On sait très peu de choses sur Iris, et elle ne signait pas ses Polaroïds, mais Warhol l'a capturée dans un style digne d'une vraie superstar ici. Sa perruque bouclée, digne d'une starlette hollywoodienne, est encadrée par l'application expressive du rose par Warhol, lui donnant une allure très Marilyn Monroe – l'une des icônes américaines préférées de Warhol. Les violets peints autour de ses yeux clos font peut-être écho au maquillage réalisé par Gigi Williams lors de la séance photo originale, et imitent le maquillage sophistiqué du drag.
Ross fut le sujet le plus peint par Warhol de la série, apparaissant dans 73 des tableaux. Star de la troupe de théâtre drag de Jimmy Camicia, Ross était l'un des sujets les plus célèbres et reconnaissables de la série. Dans cette œuvre particulière, Ross fixe intensément le spectateur sous son chapeau tape-à-l'œil, révélant ainsi son passé théâtral.

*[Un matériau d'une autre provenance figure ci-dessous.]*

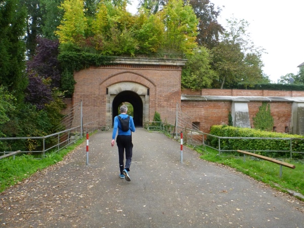 Noch vor Kilometer 40 laufe ich auf Anja Völler auf, die mich gleich weiterschickt. Bei der letzten Versorgung kommen die Helfer mit mir nicht ins Geschäft. Ich starte durch und laufe nun am Südufer der Donau durch die Halbbastion 9 mit dem Memminger Tor, einem Teil der Bundesfestung Ulm auf Neu-Ulmer Seite. Auf der anderen Donauseite befindet sich die Obere Donaubastion (Roxy).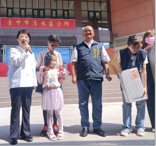 台中市長盧秀燕特別前來,與張清照議長、民政局吳世瑋局長等人一起啟動九萬人破關儀式,並致贈89998-90002等新生人口禮品,清水區第9萬名設籍者可獲價值近6,000元的無線吸塵器,而前後2名設籍民眾可獲贈價值近2000元禮品。

Bien que Broadway ait signé l'un de ses Polaroïds, on sait peu de choses sur elle. Néanmoins, son nom et le recouvrement artistique de blocs de couleur par Warhol nous donnent un aperçu de sa personnalité de show-business alors qu'elle jette un regard coquet par-dessus son épaule. L'application vive du jaune éclatant sur son chemisier vert sarcelle dans l'estampe fait allusion aux costumes flamboyants du drag et à l'acte exaltant de réinvention de soi.
Warhol a presque doublé le nombre de toiles commandées par Anselmino, ce qui témoigne d'un attachement évident à ces maîtres de l'auto-invention et de la non-conformité. Si l'on compare avec sa série de 1985, Reigning Queens, qui représentait les quatre reines régentes de l'époque, on constate clairement que les femmes trans de Ladies and Gentlemen étaient un sujet qui l'inspirait bien davantage. Cette estampe d'Élisabeth Ire transforme la monarque régnante d'Angleterre en une superstar warholienne : son portrait emblématique est superposé de blocs de couleur et ses lèvres sont joliment rehaussées d'un rouge inhabituel.
Cependant, l'application de la couleur par Warhol dans cette série est beaucoup plus sobre que dans Ladies and Gentlemen. Peut-être est-ce par respect pour le statut royal de ses sujets, ou peut-être est-ce parce que Warhol trouvait les femmes de Ladies and Gentlemen bien plus inspirantes. Ces femmes avaient tant sacrifié pour définir leur propre identité et vivre en étant elles-mêmes, quelque chose que Warhol lui-même enviait peut-être, étant donné qu'il avait gardé sa propre sexualité secrète. Même s'il existait sans aucun doute un déséquilibre de pouvoir et d'argent dans sa création, Ladies and Gentlemen est l'une des séries les plus révélatrices et poignantes de Warhol, reflétant sa fascination pour l'artifice queer et l'ingéniosité qui y est associée.